Open twhetzel opened 1 month ago
I see now that in the label in ICD11, for these entries there is an extra space between at least one of the words(tokens), but unclear why these are not reported in the "lex_exact" file.
Interesting. There's a lot that I don't know about lexmatch, but I agree with you that whitespace stripping should happen before it runs. I suppose it's worth checking at some point to see if that's happening.
The code that separates exact matches from non-exact ones has nothing to do with lexmatch. You will have to find the python script where the separation occurs, then the specific conditional that decides wether it is exact or not and then add some preprocessing in there. Lexmatch itself can handle the whitespace!
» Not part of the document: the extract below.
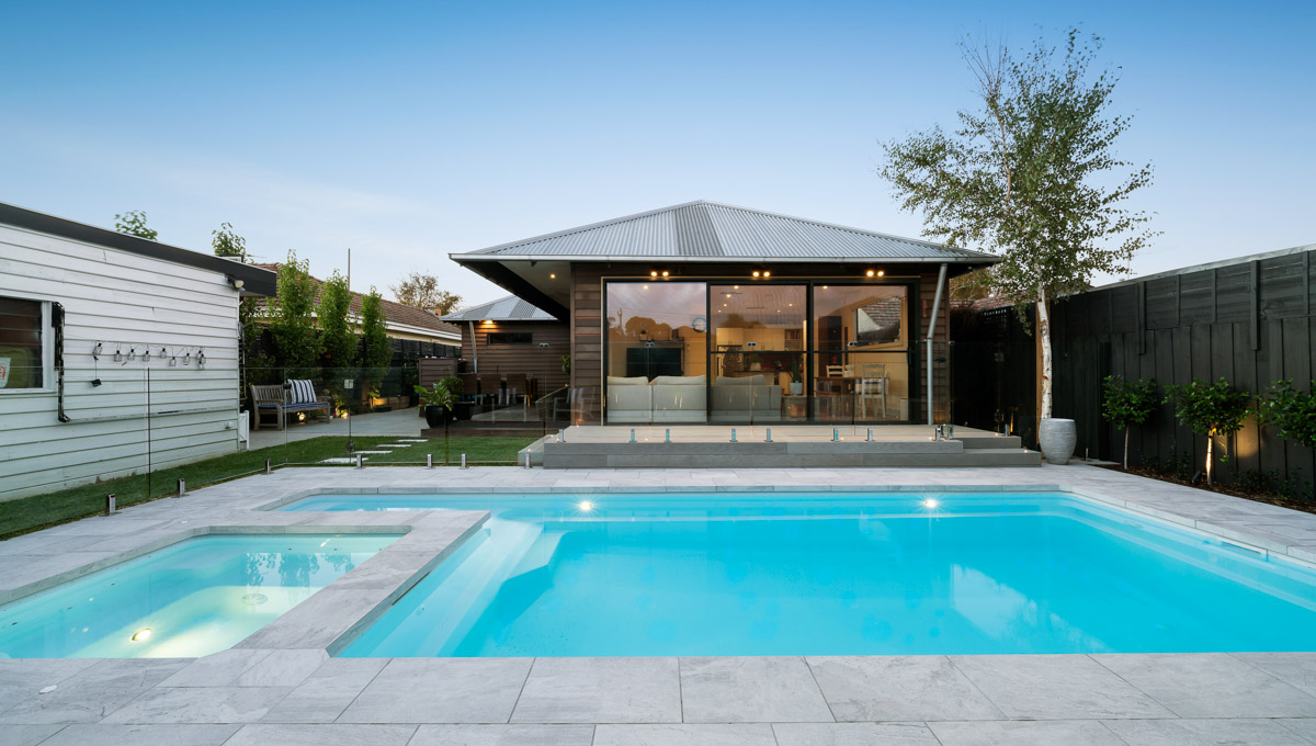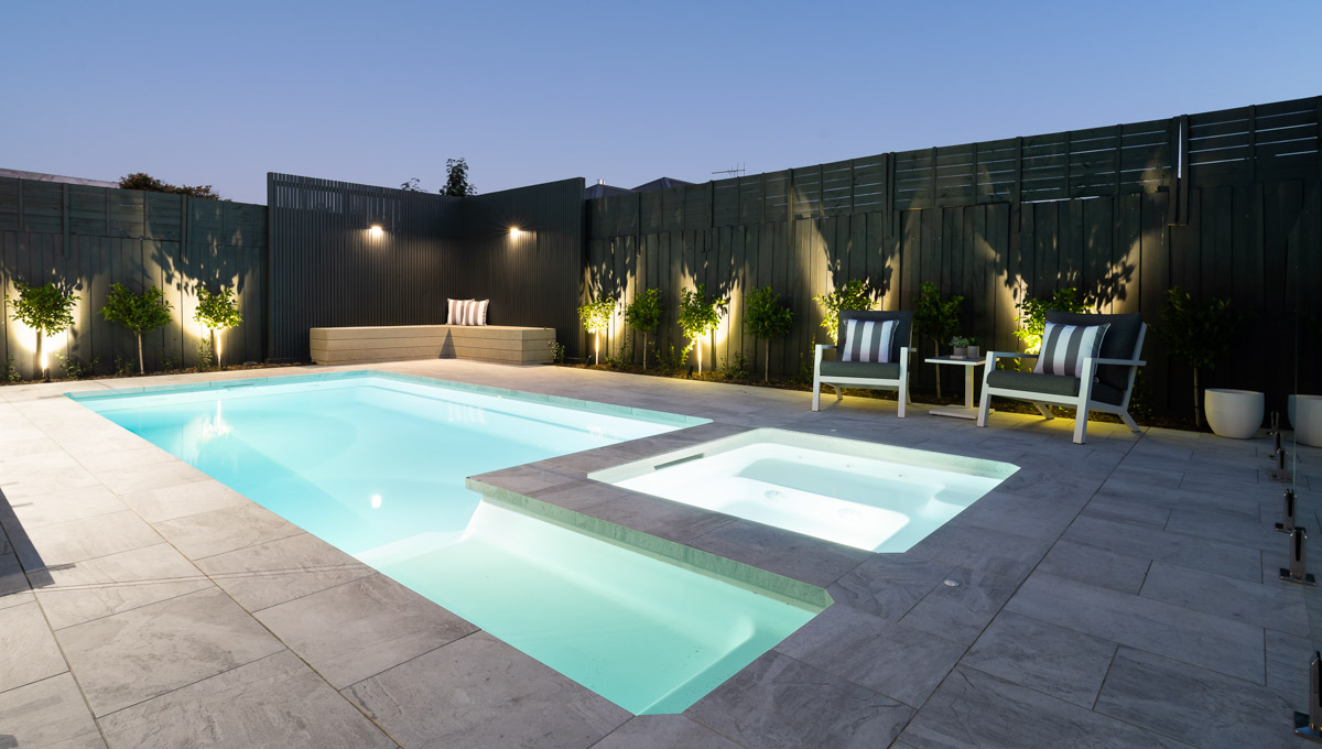 Fibreglass Pools Melbourne > Pools > Brooklyn Slimline 7.2m x 3.5m Alpine White Shimmer Evesham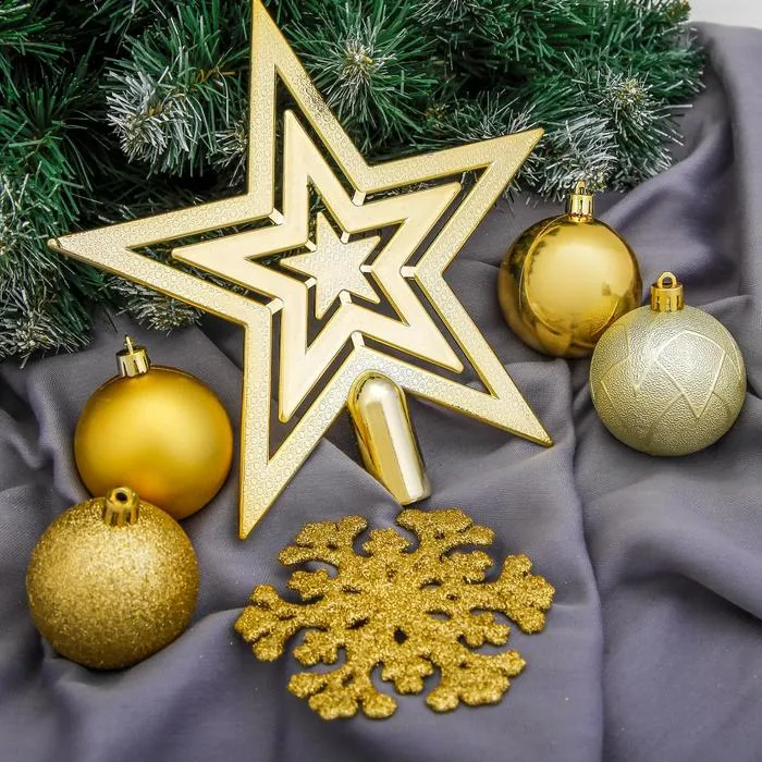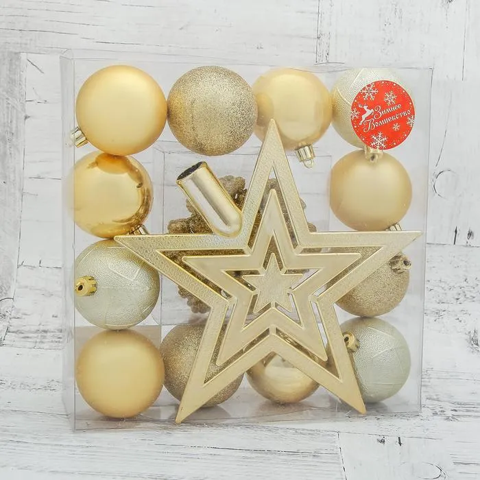 Наполните дом атмосферой оптимизма и благополучия в канун Нового года. Ведь золотой цвет символизирует изобилие и богатство. Потому ёлочные игрушки «Вспышка», со звездой, пластиковые, набор 17 шт., золотистый как нельзя лучше подойдут для праздничного интерьера.

By "nothing to do with lexmatch", I'm guessing you mean "nothing to do with OAK's lexmatch functionality", as opposed to the "mondo-ingest lexmatch pipeline". Because I would find it hard to imagine the source of the issue would exist outside of the lexmatch pipeline.
As a cursory investigation, I see:
lexmatch-sssom-compare.py, in export_unmatched_exact():
unmapped_exact = unmapped_df[
(unmapped_df["comment"] == match_type)
& (unmapped_df["predicate_id"] == "skos:exactMatch")
but I don't see where the non-exact file is exported. I'll stop for now but @twhetzel Let me know if you want me to take over looking into this.
@joeflack4 - yes, if you can sort out this bug that would be good.
@hrshdhgd Re-assigning this to you now that you're back! (WB!)
You may notice that in "Development" on the right, this is connected a PR that has been merged. That PR ended up being unrelated, but it looks like now I can't unlink it.
@joeflack4 I won't be able to get to this since my priorities have changed. I'm punting this back to your plate.
I was reviewing the ICD11 "lex" file and there are 4 exact matches where the subject and object match on their respective labels. Is this is a bug in the lexical alignment or an issue with running the pipeline or ???
The exact matches are for these Mondo terms:
MONDO:0003595
MONDO:0012089
MONDO:0021495
MONDO:0800453